For the next couple of hours, she focused on nothing but Mia and Daisy. She wanted them to feel loved and wanted, not a problem she’d inherited that she had to shuffle around in between her chores and work. She played with them, read to them, fed them, bathed them, got them into their pj’s. Only when they were settled in front of the TV for their favorite cartoon did she get ready for her date.

She began by showering the spray-cleaner smell out of her hair. Next, she dragged on her best jeans, topped it off with a cute silk top that she’d found at Goodwill, fitted to her curves but with a decent neckline, not too slutty, not too nunsy, just right for a first date.

She had no money for drinks, but Tayron, the bartender, had promised her a drink on the house the other day when she’d given him a ride. She could nurse that one drink all night, no problem. She wasn’t a big drinker. She’d picked Finnegan’s because it was public, and because if they went to a restaurant and her date wanted to split the bill, she wouldn’t be able to pay for her half.

She put on fresh makeup, tried for smoky eyes, ended up looking like a raccoon on drugs, wiped it off, tried again. Her eyes were a lighter shade of brown than the twins’, not exactly pretty, but maybe interesting.

You always emphasized your best feature to draw attention from the worst. If you emphasized everything, you came off overdone and slutty, which she wasn’t. And she didn’t like her lips anyway; she had a stupid crease in the middle of her bottom lip.

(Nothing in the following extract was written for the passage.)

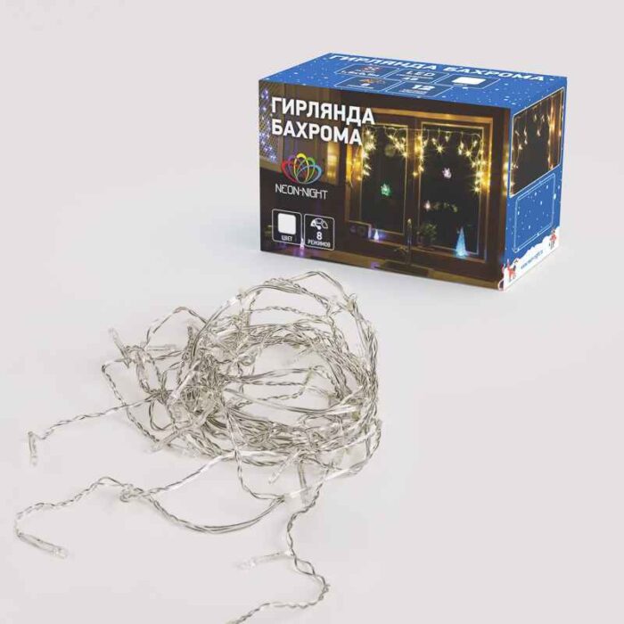 Интерьерная гирлянда бахрома с холодным белым светом и 8 динамическими режимами. Подходит для оформления окон, ниш, зеркал, фотозон и витрин. Лёгкая и компактная. Прозрачный провод, встроенный блок питания с длинным кабелем. Гарантия — 12 месяцев.

Okay, clothes, check; makeup, check. She sprayed perfume in the air, then walked through the cloud of scent so it’d cling equally to her shirt, skin, and hair. She never sprayed perfume directly on her clothes. No sense in staining a perfectly good top.

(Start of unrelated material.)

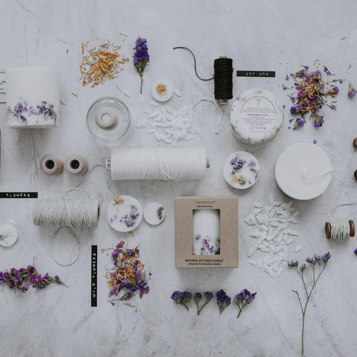 Hand-poured from a blend of soy and rapeseed wax, this botanical pillar candle is infused with a natural wild flowers fragrance and decorated with marigold and limonium petals. As it burns in a tunnel, the soft glow illuminates the flowers within, creating a stunning, nature-inspired centerpiece and a warm, uplifting atmosphere.
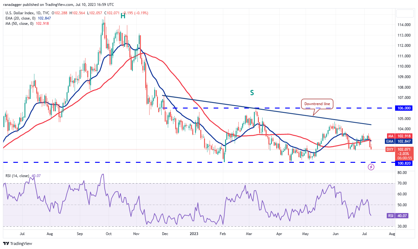 https://images.cointelegraph.com/cdn-cgi/image/format=auto,onerror=redirect,quality=90,width=840/https://s3.cointelegraph.com/uploads/2023-07/15573065-76e7-414d-b7a9-8a2e5302796a.jpgThe weakness in the U.S. Dollar Index bodes well for Bitcoin and altcoins in the near term.

After she finished, she drove the girls back to Jen’s for a prebirthday sleepover.

“Ready for the party tomorrow?” Jen asked Luanne after hugging and kissing the girls silly. She loved them as if they were her own.

“Almost.” Luanne bent to take the girls’ shoes off.

“How about for tonight?” Jen grinned, offering her a cola. “You look sexy.”

“I wish.” Luanne tugged at a stray lock of hair as she accepted the drink.

Without a curling iron to give her blond locks body, her hair was seriously limp and way too fine for any kind of volume, unlike Jen’s thick reddish-brown waves that could have starred in a shampoo commercial. Where Luanne was too thin from running around and being on her feet almost constantly, Jen actually had curves, especially since Bobby had been born—the kind of curves men noticed.

Luanne looked at her own chest. “Do you think this top is too low-cut?” she asked, hit by a sudden wave of insecurity. “What if Brett thinks I’m a total hussy?”

“Yeah, because that’s what guys think when they get a glimpse of boobs.” Jen rolled her eyes.

Then she glanced at the girls giggling on the couch, her gaze distant, an odd look coming over her face as she turned back to Luanne. She blinked, then a smile replaced her strange expression. “Oh, to be single and going on hot dates.”

“You don’t want to be single and going out on hot dates.”

Jen was a family gal through and through. She wanted a second child badly to give Bobby a little brother or sister, so her son could have what the twins did.

“Fine. I want to be home with a bushel of kids.” She smiled a little wider. “I do. But you deserve a hot date.”

“I’ll settle for
nice
.” Her first date in a year, Luanne thought.
Nice
would have been an excellent start.
 

“How about hot sex with a nice guy?” Jen suggested ever so helpfully.

“Not on a first date.”

“You’ve known Brett for a while now.”

“Over the Internet.”

“He’s a dog walker. You met him in a goldendoodle online fan group. I don’t think anyone who’s into poodle–golden retriever mixes so much can be a creep.”